上記のようなコードでデバッグしてみると、oldとnewには以下のような値が入ります。

基本的に、トリガーの中で用いられるoldとnewは、変更前の値と変更後の値が入るのですが、isBeforeなのか、isAfterなのかのタイミングによって、変更できるか、変更できるとしてもその方法が異なります。

insert系

では、Insertの場合は、oldとnewには何が入っているでしょうか。beforeとafterで確認してみると、以下のようになります。なお、before insertの場合のみ、Trigger.newとTrigger.newMapで結果が異なりました。

ちなみに、Trigger.newはList配列で、順番に処理するのに適していますが、Trigger.newMapはMap配列型で、順番は保証されません。

before insertの場合

  • Trigger.old・・・null
  • Trigger.oldMap・・・null
  • Trigger.new・・・新規登録する直前のオブジェクト(ただしDB格納後に決定する、Id=null,自動採番系=null,CreatedById等のシステム系=null)
  • Trigger.newMap・・・null

Apex上で、oldの値を変更すると、
execution of BeforeInsert caused by: System.NullPointerException: Attempt to de-reference a null object: ()
が発生します。

newは変更可能です。

after insertの場合

  • Trigger.old(oldMap)・・・null
  • Trigger.new(newMap)・・・新規にDBに登録されたオブジェクト(ただしDB格納後に決定する、Id=あり,自動採番系=あり,CreatedById等のシステム系=あり)

Apex上で、newの値を変更すると

execution of AfterInsert caused by: System.FinalException: Record is read-only: ()

が発生します。

oldを変更すると、

execution of AfterInsert caused by: System.NullPointerException: Attempt to de-reference a null object: ()

となります。

なので、after insertではDML文で変更必要があります(変更可)。ただし、条件を if (Trigger.isInsert && Trigger.isAfter)のように変更しないと、

execution of AfterInsert caused by: System.DmlException: Update failed. First exception on row 0 with id 00128000018cHWpAAM; first error: CANNOT_INSERT_UPDATE_ACTIVATE_ENTITY, testAccountTrigger: maximum trigger depth exceeded Account trigger event AfterInsert for [xxxxx] Account trigger event AfterUpdate for [xxxx] Account trigger event AfterUpdate for [xxxxxxx] Account trigger event AfterUpdate

のようなエラーになります。

これは、Insertの後、Updateが行われ、その後、さらにUpdateのトリガが走ってしまうので、無限ループになってしまうためです。

update系

before updateの場合

  • Trigger.old(oldMap)・・・新規登録する直前の、変更前のオブジェクト(DBに格納されている)
  • Trigger.new(newMap)・・・新規登録する直前の、変更予定のオブジェクト

oldを変更すると、

execution of BeforeUpdate caused by: System.FinalException: Record is read-only:

のエラーになり、変更できません。

newは変更可能で、その後、その値でDBにupdateされることになります。

after updateの場合

  • Trigger.old(oldMap)・・・変更前のオブジェクト(すでに変更されている)
  • Trigger.new(newMap)・・・DBに登録された、変更後のオブジェクト(コミット前)

oldを変更すると、

execution of AfterUpdate caused by: System.FinalException: Record is read-only

になります。newを変更すると、

execution of AfterUpdate caused by: System.FinalException: Record is read-only

となります。ただし、DMLでは値の変更が可能です。でも、Updateのトリガなので、うまく考えないと、無限ループになってしまいます。

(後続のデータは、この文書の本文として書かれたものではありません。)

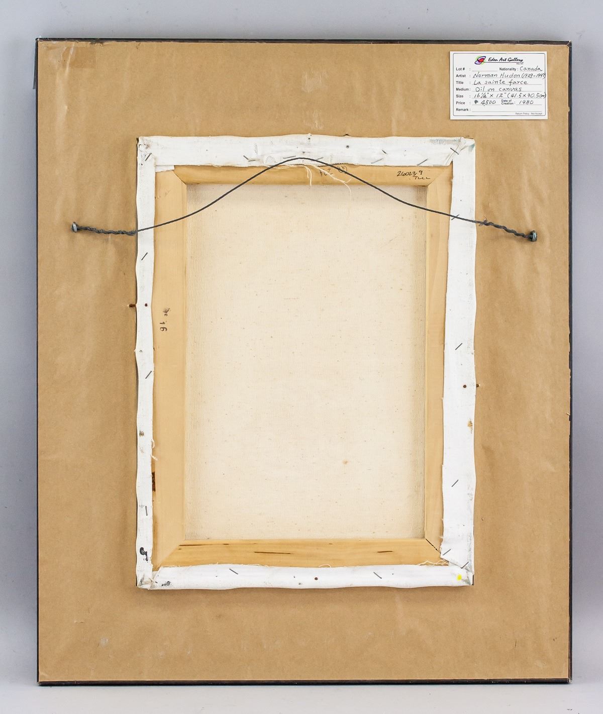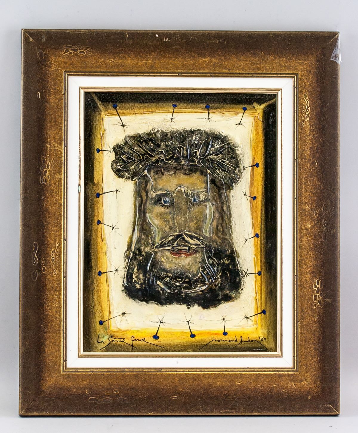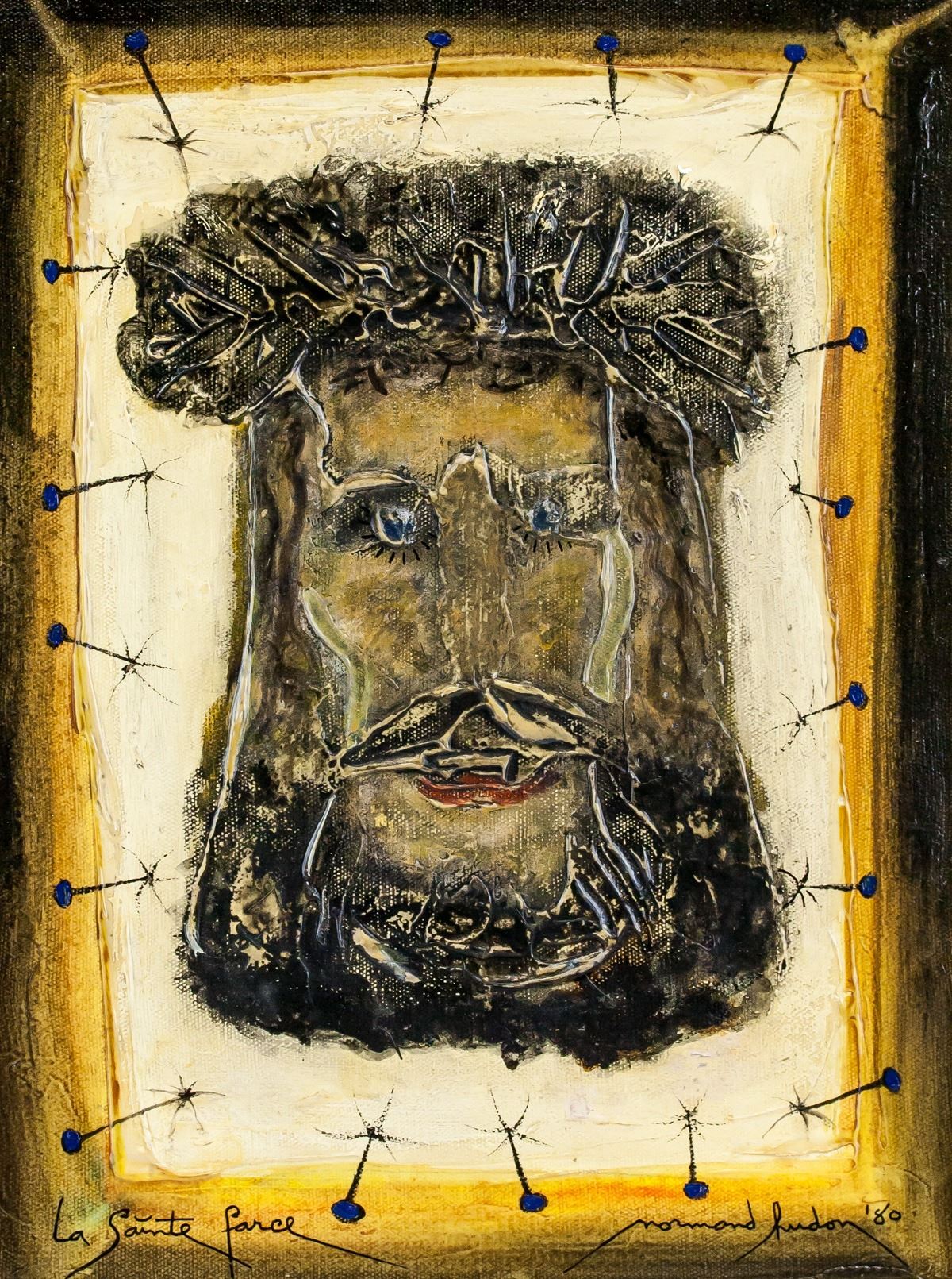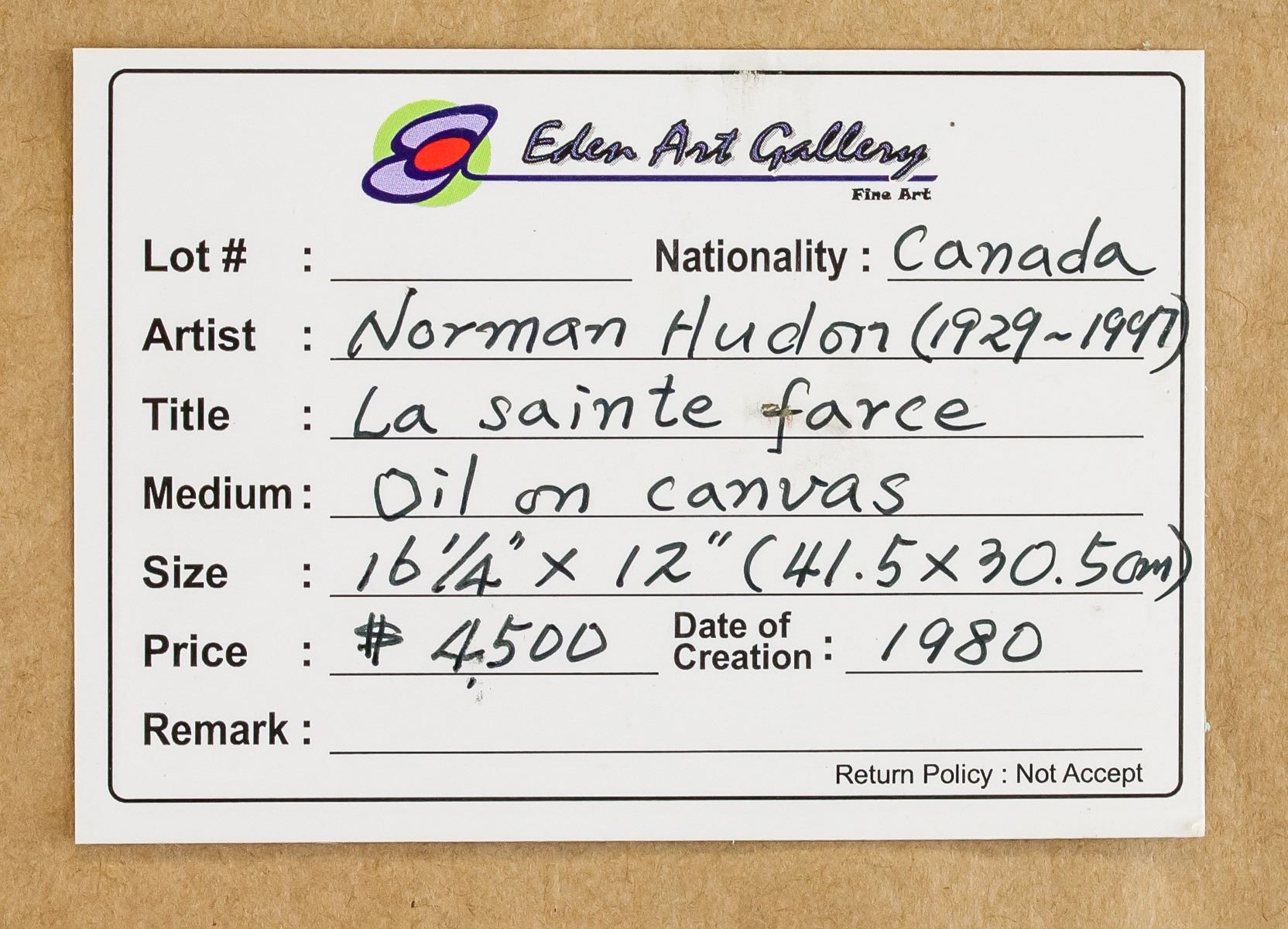 Oil on canvas, stretched and framed. Featuring portrait of man on a pincushion stuck with pins. Inscribed with La Sainte Farce in bottom left corner, and signed Normand Hudon '80 in the bottom right corner. Label affixed to verso reads "Eden Art Gallery, Fine Art, Lot # [blank], Nationality: Canada, Artist: Norman Hudon (1929-1997), Title: La Sainte Farce, Medium: Oil on canvas, Size: 16 1/4" x 12" (41.5 x 30.5 cm), Price: $4,500, Date of Creation: 1980, Remark: [blank]. Return Policy: Not Accept". Inscribed on verso 26023-9 TLLL. Attributed to Normand Hudon, 1929 - 1997. 41.5 x 30.5 cm (16.25 x 12 in), Frame: 59 x 49 cm (19.2 x 15.4 in). PROVENANCE: Eden Art Gallery

「うまく」というのは、条件にフラグ項目を入れ、そこが変わればトリガを発動させないなどの工夫をする必要があるということです。

エラーの回避例

List<account> listAcc=new List<account>();
    for (Account a : Trigger.new) {
 
        Account updacc=[select id,Name,Fax from account where id = :a.id];
         
        if(a.<フラグ項目>!='22442222'){
            updacc.<フラグ項目>='22442222';
            listAcc.add(updacc);
        }
         
    }
    update listAcc;
}
</account></account>

のように、フラグ項目を持たせ、一旦変更されたら、変更されたことを検知して、それ以降、Updateは行わないようにするというようなことです。